- Born: 1 January 1982 (age 44)
- Citizenship: Senegal
- Occupations: Screenwriter; Film director; Journalist;

= Kalista Sy =

Senegalese screenwriter

Kalista Sy (born about 1985) is a Senegalese screenwriter known for writing and producing the TV series Mistress of a Married Man (Maîtresse d'un homme marié, 2019–present). The series is set in Dakar and premiered on Marodi TV Sénégal in January 2019.

== Career ==
In January 2019 the first episode of Mistress of a Married Man aired on Marodi TV Sénégal and went viral in Africa on YouTube.

Sy's show focuses on the lives of everyday Senegalese women. The show's storylines, including sex, infidelity, domestic abuse, and polygamy, which are not usually covered in Senegalese media, have resulted in controversy. The series' frank discussion of female sexual freedom led to Islamic clerics calling for it to be banned.

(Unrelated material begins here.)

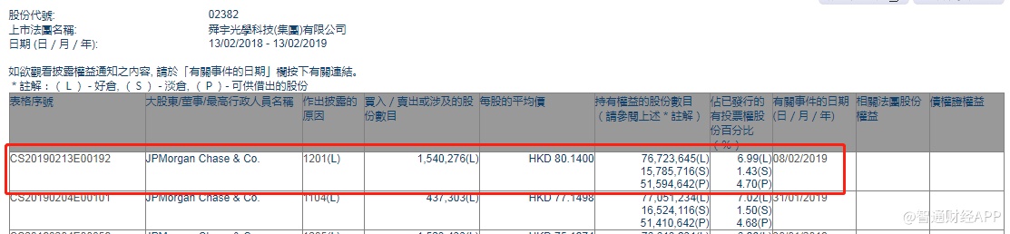 智通财经APP获悉,根据联交所资料显示,舜宇光学科技(02382)于2月8日被摩根大通减持154万股,每股作价80.14港元,总值1.23亿港元,最新持股数目7672万股,持股比例降至6.99%。

Professor Marame Gueye wrote of Sy that, "Her female cast does not practice the widely accepted skin bleaching prominently featured in earlier series as the standard of beauty for Senegalese women. More importantly, the series puts women’s experiences at the center of its storyline. Marème and her cohort are ambitious women with jobs and their lives do not center exclusively on their relationships with men."

In 2019, she was listed among the BBC's 100 Women.

Sy is listed as a contributor to The Women Writers Handbook (2020).

== Personal life ==
Sy lives in Dakar, Sengal and is married to Medoune Diop, a computer scientist. She is a former television journalist.